Sensitive Data Detection
MCPProxy includes automatic sensitive data detection that scans MCP tool call arguments and responses for secrets, credentials, API keys, and other potentially exposed data. This feature helps identify accidental data exposure in your AI agent workflows.
Full Configuration Schema
{
"sensitive_data_detection": {
"enabled": true,
"scan_requests": true,
"scan_responses": true,
"max_payload_size_kb": 1024,
"entropy_threshold": 4.5,
"categories": {
"cloud_credentials": true,
"private_key": true,
"api_token": true,
"auth_token": true,
"sensitive_file": true,
"database_credential": true,
"high_entropy": true,
"credit_card": true
},
"custom_patterns": [
{
"name": "acme_api_key",
"regex": "ACME-[A-Z0-9]{32}",
"severity": "high",
"category": "api_token"
}
],
"sensitive_keywords": ["SECRET_PROJECT", "INTERNAL_KEY"]
}
}
Configuration Options
| Option | Type | Default | Description |
|---|---|---|---|
enabled | boolean | true | Enable or disable sensitive data detection entirely |
scan_requests | boolean | true | Scan tool call arguments for sensitive data |
scan_responses | boolean | true | Scan tool responses for sensitive data |
max_payload_size_kb | integer | 1024 | Maximum payload size to scan in kilobytes |
entropy_threshold | float | 4.5 | Shannon entropy threshold for high-entropy string detection |
Detection Categories
MCPProxy detects sensitive data across multiple categories.
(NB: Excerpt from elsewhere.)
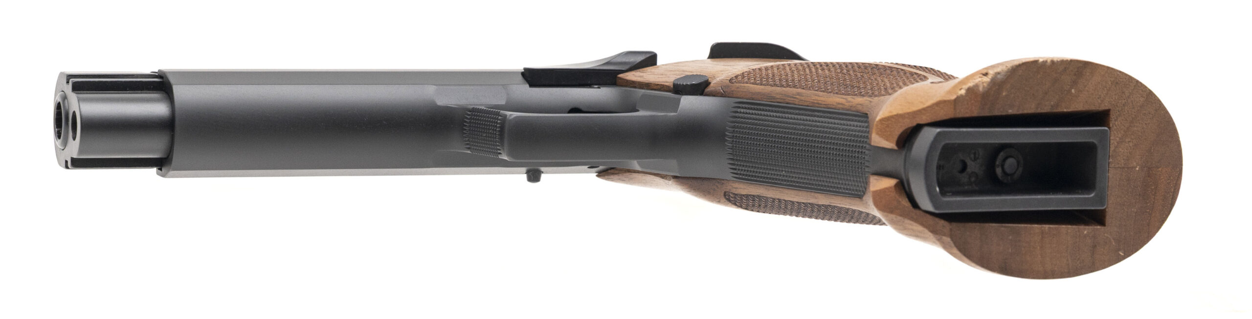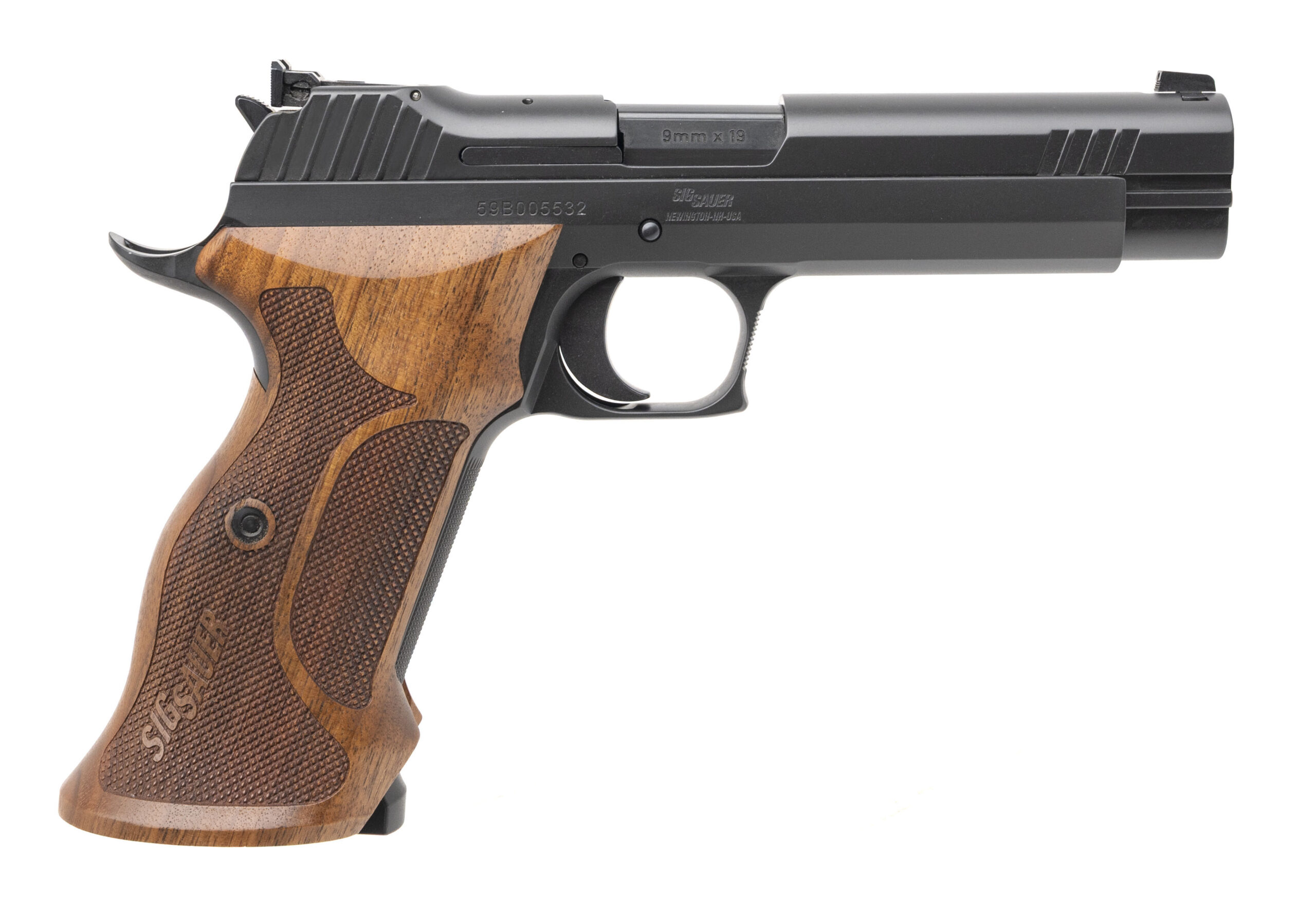 SN: 59B005532. Modern production, 9mm with a 5" barrel. Bore is excellent. Full size steel frame single-action only target pistol with a fiber-optic front sight, adjustable rear sight, manual thumb-safety, target grade trigger & checkered wood grips, and nitron finish. Finish shows light marks, most notably towards the left side of the muzzle. Overall condition is very good. Includes an additional magazine, and original case.

Each category can be individually enabled or disabled.
Category Reference
| Category | Description | Severity | Examples |
|---|---|---|---|
cloud_credentials | Cloud provider credentials | Critical/High | AWS access keys, GCP API keys, Azure connection strings |
private_key | Cryptographic private keys | Critical | RSA, EC, DSA, OpenSSH, PGP private keys |
api_token | Service API tokens | Critical/High | GitHub PATs, Stripe keys, OpenAI keys, Anthropic keys |
auth_token | Authentication tokens | High/Medium | JWT tokens, Bearer tokens |
sensitive_file | Sensitive file paths | High | SSH keys, credentials files, private key files |
database_credential | Database connection strings | Critical/High | MySQL, PostgreSQL, MongoDB, Redis connection strings |
high_entropy | High-entropy strings | Medium | Random strings that may be secrets |
credit_card | Payment card numbers | Critical | Credit card numbers (Luhn-validated) |
Built-in Detection Patterns
Cloud Credentials
- AWS Access Key:
AKIA...,ASIA...(20 characters) - AWS Secret Key: 40-character base64 strings
- GCP API Key:
AIza...(39 characters) - GCP Service Account: JSON with
"type": "service_account" - Azure Client Secret: 34+ character strings with special characters
- Azure Connection String: Contains
AccountKey=...
Private Keys
- RSA Private Key:
-----BEGIN RSA PRIVATE KEY----- - EC Private Key:
-----BEGIN EC PRIVATE KEY----- - DSA Private Key:
-----BEGIN DSA PRIVATE KEY----- - OpenSSH Private Key:
-----BEGIN OPENSSH PRIVATE KEY----- - PGP Private Key:
-----BEGIN PGP PRIVATE KEY BLOCK----- - PKCS#8 Private Key:
-----BEGIN PRIVATE KEY-----
API Tokens
- GitHub:
ghp_...,gho_...,ghs_...,ghr_...,github_pat_... - GitLab:
glpat-... - Stripe:
sk_live_...,pk_live_...,sk_test_... - Slack:
xoxb-...,xoxp-...,xapp-... - SendGrid:
SG.... - OpenAI:
sk-...,sk-proj-... - Anthropic:
sk-ant-api...
Authentication Tokens
- JWT: Base64-encoded tokens starting with
eyJ - Bearer Token:
Bearer ...authorization headers
Database Credentials
- MySQL connection strings:
mysql://user:pass@host - PostgreSQL connection strings:
postgresql://user:pass@host - MongoDB connection strings:
mongodb://user:pass@host - Redis connection strings:
redis://:pass@host - Database password environment variables:
DB_PASSWORD=...
Credit Cards
- Visa, Mastercard, American Express, Discover, JCB, Diners Club
- Validated using the Luhn algorithm
- Known test card numbers are flagged as examples
Enabling/Disabling Categories
To disable specific categories:
{
"sensitive_data_detection": {
"categories": {
"cloud_credentials": true,
"private_key": true,
"api_token": true,
"auth_token": true,
"sensitive_file": true,
"database_credential": true,
"high_entropy": false,
"credit_card": true
}
}
}
Categories not specified in the configuration are enabled by default.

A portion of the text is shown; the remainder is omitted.